**To do**
Among the lines of data below, reproduce only those from the one with "Мужские швейцарские часы" through the one with "11月24日华为终端微博发布:11月25日14:30,#华为Mate80# 系列 |", exactly as they stand, both ends included.

(Saved data entries)

____________________

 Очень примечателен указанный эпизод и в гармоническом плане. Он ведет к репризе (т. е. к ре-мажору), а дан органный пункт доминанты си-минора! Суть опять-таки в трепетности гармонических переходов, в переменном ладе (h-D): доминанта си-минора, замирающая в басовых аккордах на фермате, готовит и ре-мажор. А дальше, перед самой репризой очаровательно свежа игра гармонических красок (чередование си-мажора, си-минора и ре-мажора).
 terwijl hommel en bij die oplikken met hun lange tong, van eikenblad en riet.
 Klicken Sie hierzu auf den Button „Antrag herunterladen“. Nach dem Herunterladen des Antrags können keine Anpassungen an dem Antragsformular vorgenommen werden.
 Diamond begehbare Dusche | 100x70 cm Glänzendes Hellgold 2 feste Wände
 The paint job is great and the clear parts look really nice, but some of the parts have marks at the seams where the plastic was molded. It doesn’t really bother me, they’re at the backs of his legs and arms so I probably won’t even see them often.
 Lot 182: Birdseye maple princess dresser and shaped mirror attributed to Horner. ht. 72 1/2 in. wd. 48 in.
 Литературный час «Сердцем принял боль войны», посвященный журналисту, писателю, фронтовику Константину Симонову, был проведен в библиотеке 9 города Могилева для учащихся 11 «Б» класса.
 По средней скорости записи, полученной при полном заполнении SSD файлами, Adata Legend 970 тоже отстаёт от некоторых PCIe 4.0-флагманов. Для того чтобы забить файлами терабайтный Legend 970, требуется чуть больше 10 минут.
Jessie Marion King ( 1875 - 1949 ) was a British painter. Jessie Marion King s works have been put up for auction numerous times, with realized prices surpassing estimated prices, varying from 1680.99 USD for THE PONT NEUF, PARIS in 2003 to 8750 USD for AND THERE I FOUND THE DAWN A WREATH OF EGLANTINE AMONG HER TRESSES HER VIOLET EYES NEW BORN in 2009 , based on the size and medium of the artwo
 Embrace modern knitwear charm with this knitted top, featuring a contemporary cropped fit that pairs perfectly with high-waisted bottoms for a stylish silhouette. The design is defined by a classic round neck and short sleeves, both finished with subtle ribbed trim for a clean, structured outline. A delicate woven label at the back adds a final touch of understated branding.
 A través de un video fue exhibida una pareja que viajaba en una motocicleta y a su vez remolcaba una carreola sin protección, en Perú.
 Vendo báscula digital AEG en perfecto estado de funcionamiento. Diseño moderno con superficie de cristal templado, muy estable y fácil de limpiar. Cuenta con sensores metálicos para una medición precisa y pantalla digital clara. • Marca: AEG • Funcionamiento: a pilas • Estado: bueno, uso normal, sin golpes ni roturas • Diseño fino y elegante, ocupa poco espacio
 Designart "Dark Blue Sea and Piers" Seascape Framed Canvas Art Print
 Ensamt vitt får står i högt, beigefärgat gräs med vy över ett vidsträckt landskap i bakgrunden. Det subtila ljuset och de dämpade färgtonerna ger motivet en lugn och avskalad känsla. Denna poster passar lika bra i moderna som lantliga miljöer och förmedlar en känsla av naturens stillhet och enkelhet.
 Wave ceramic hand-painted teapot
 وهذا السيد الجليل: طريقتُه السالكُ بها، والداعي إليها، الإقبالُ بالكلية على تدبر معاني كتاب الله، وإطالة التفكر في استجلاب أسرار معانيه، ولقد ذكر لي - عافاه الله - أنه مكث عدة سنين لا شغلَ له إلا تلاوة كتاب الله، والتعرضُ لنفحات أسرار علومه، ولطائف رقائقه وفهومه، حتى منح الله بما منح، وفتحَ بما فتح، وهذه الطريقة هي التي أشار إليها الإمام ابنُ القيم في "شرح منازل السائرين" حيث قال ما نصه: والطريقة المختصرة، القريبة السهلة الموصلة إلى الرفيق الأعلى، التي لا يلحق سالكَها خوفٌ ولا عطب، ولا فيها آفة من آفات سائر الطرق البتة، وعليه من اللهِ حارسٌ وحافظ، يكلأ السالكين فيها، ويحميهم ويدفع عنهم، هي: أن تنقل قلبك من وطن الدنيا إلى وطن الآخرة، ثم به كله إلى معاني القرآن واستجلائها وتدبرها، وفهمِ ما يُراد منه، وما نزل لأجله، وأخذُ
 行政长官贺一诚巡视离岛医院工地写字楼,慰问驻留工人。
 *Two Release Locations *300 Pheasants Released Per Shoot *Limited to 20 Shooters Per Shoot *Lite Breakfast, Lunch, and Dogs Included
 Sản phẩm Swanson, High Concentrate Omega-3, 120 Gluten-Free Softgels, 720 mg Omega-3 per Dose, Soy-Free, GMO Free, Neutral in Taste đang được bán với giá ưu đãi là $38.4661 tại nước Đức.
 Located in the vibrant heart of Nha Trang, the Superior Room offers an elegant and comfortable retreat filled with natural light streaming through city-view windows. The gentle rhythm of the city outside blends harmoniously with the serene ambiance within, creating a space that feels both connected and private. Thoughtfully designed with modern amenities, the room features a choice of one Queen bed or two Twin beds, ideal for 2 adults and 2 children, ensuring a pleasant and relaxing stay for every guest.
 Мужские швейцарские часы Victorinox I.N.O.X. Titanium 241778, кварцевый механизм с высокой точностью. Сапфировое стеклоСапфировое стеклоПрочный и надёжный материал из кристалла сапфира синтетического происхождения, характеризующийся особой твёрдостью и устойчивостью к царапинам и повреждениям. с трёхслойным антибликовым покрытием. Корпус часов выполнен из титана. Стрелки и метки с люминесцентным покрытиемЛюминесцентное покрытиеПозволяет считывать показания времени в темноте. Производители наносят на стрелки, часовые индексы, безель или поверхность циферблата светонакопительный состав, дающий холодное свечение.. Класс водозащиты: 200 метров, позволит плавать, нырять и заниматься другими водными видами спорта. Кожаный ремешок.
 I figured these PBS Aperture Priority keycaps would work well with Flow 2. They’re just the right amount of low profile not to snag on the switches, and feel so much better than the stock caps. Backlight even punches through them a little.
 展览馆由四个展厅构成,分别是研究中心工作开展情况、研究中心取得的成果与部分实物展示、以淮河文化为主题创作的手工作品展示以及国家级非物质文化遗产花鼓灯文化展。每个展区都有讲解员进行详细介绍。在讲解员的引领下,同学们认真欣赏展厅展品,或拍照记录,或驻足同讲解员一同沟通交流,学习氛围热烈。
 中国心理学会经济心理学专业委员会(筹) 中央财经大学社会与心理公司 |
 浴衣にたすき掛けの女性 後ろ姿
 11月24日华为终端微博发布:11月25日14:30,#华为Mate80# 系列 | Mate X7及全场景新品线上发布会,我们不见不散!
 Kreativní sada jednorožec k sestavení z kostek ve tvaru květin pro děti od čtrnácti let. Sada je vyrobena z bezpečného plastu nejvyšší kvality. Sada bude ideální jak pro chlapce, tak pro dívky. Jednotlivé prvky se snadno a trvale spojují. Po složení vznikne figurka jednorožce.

____________________

**Answer space**
 Мужские швейцарские часы Victorinox I.N.O.X. Titanium 241778, кварцевый механизм с высокой точностью. Сапфировое стеклоСапфировое стеклоПрочный и надёжный материал из кристалла сапфира синтетического происхождения, характеризующийся особой твёрдостью и устойчивостью к царапинам и повреждениям. с трёхслойным антибликовым покрытием. Корпус часов выполнен из титана. Стрелки и метки с люминесцентным покрытиемЛюминесцентное покрытиеПозволяет считывать показания времени в темноте. Производители наносят на стрелки, часовые индексы, безель или поверхность циферблата светонакопительный состав, дающий холодное свечение.. Класс водозащиты: 200 метров, позволит плавать, нырять и заниматься другими водными видами спорта. Кожаный ремешок.
 I figured these PBS Aperture Priority keycaps would work well with Flow 2. They’re just the right amount of low profile not to snag on the switches, and feel so much better than the stock caps. Backlight even punches through them a little.
 展览馆由四个展厅构成,分别是研究中心工作开展情况、研究中心取得的成果与部分实物展示、以淮河文化为主题创作的手工作品展示以及国家级非物质文化遗产花鼓灯文化展。每个展区都有讲解员进行详细介绍。在讲解员的引领下,同学们认真欣赏展厅展品,或拍照记录,或驻足同讲解员一同沟通交流,学习氛围热烈。
 中国心理学会经济心理学专业委员会(筹) 中央财经大学社会与心理公司 |
 浴衣にたすき掛けの女性 後ろ姿
 11月24日华为终端微博发布:11月25日14:30,#华为Mate80# 系列 | Mate X7及全场景新品线上发布会,我们不见不散!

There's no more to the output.